I love the shaded Merlins in the sky in that second one. Gives me chills.

I look forward to the conflict this attention promises to give. See you in space Brave!

Friday, July 17, 2015

Fun Per Hour

Brave Newbies is leaving null sec for a vacation in low sec to reorganize and gather themselves after a rough season. The topic is not about Brave per se, but more about fun in the various types of space.

First off, I'm defining fun purely from a combat PvP perspective as that is the most common type of fun people are looking for in EVE.

I've written about Brave and how null sec is fun until its not. If you are looking for raw fun per hour for your organization, null sec is not it. Null sec is about Empire Building and clash of cultures wars, and as such can have vast amounts of quiet time and build up followed by frantic explosive battles. Overall, fun per hour is low but the highs are higher and bigger and the satisfaction derived from control of systems / structures / empires is larger and deeper.

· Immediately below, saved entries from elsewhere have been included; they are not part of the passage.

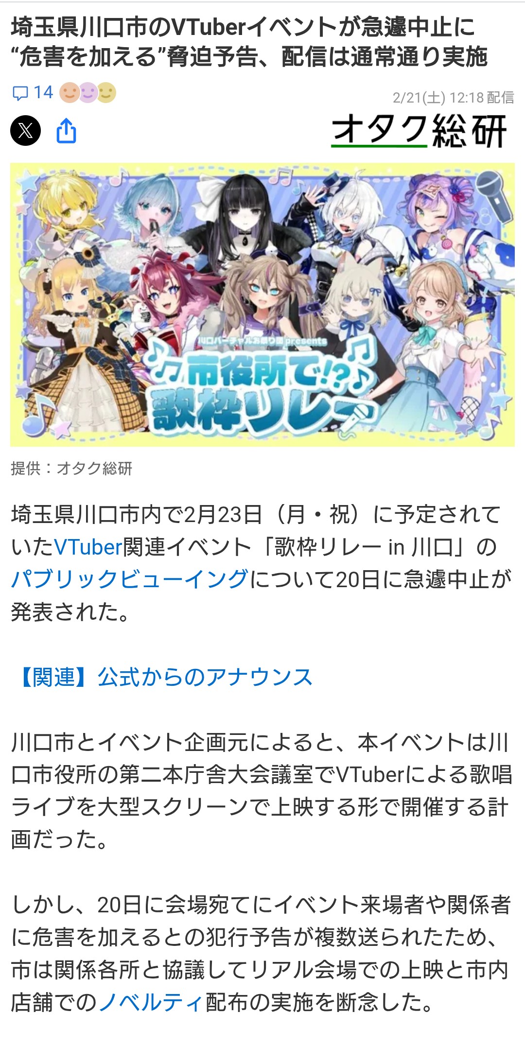 | … | 1326/02/21(土)14:35:56No.1404081782+>X見ると大阪の方でも大きいイベントが同じ理由で中止になってるしアホの行動力が凄すぎる |
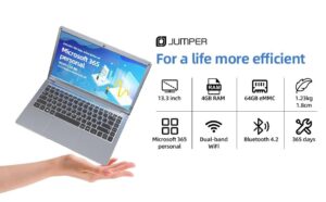 Jumper Laptop 13.3 Inch Full HD 1920 x 1080 IPS Office 365 4GB RAM 128GB ROM Windows 10 Intel Celeron Processor Slim Laptop Dual Band 5GHz WiFi,Supports 256GB TF Card and 1TB SSD Expansio
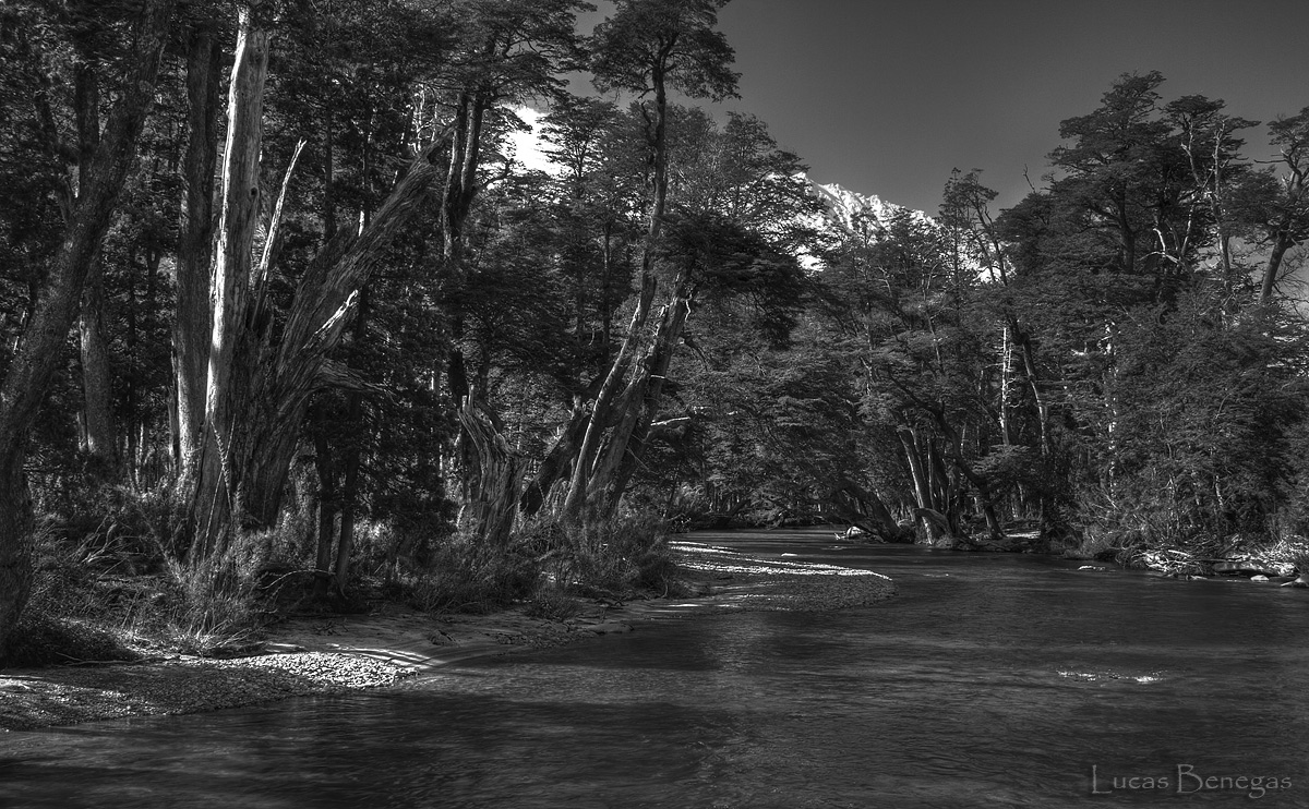 Que belleza de río y lugar Lucas, muy buena foto y el B/N le queda muy bien. Quizás un pelito más luminosa y cuidar algunos halos luminosos cerca de las copas de los árboles. Saludos.
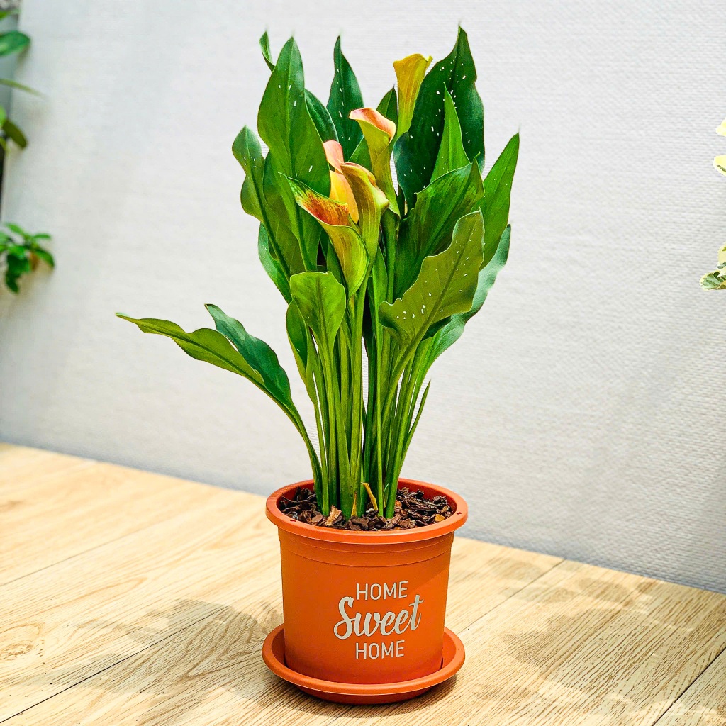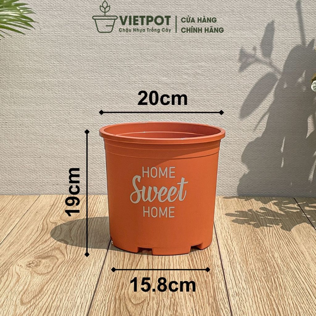Chậu nhựa trồng cây VIETPOT, màu cam, hoa văn Sweet Home, trồng hoa kiểng lá, để nhà, sân vườn.
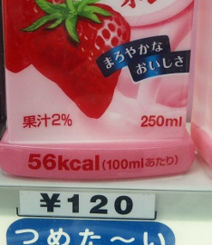 カロリー表示は良いんだけど・・・・ 2011/3/31 日記, 独り言 0 シェアする 0 ツイート 最近、街の自動販売機で 飲料のカロリーを表示しているモノが多くなってきましたね。 カロリー気にしている人にはとっても嬉しいです。 でもよく見ると100mlあたりのカロリー量 100mlで56kcalだったら全容量の250mlだと140kcal 56kcalと140kcalって全然違うんですが・・・・ でもパッと見、56って数字が目に入るわけで。 なんか騙されちゃってる気がします。 ってこんなこと思うのは自分だけかなぁ~

Wormhole space also runs low on the fun per hour ratio. Its more about stealthy-stealthy-ninja-surprise! fun which has many fans and definitely makes wormholes interesting for many people. But the hardships of logistics, living out of POSes, scanning down connections, looking for fights cuts into the sheer amount of fun that can be derived per hour of game time.

High sec is a virtual desert for any PvP outside of arranged wars like Red versus Blue, or groups that like constant suicide ganking. For a large group looking for fun dynamic PvP, high sec will not work out.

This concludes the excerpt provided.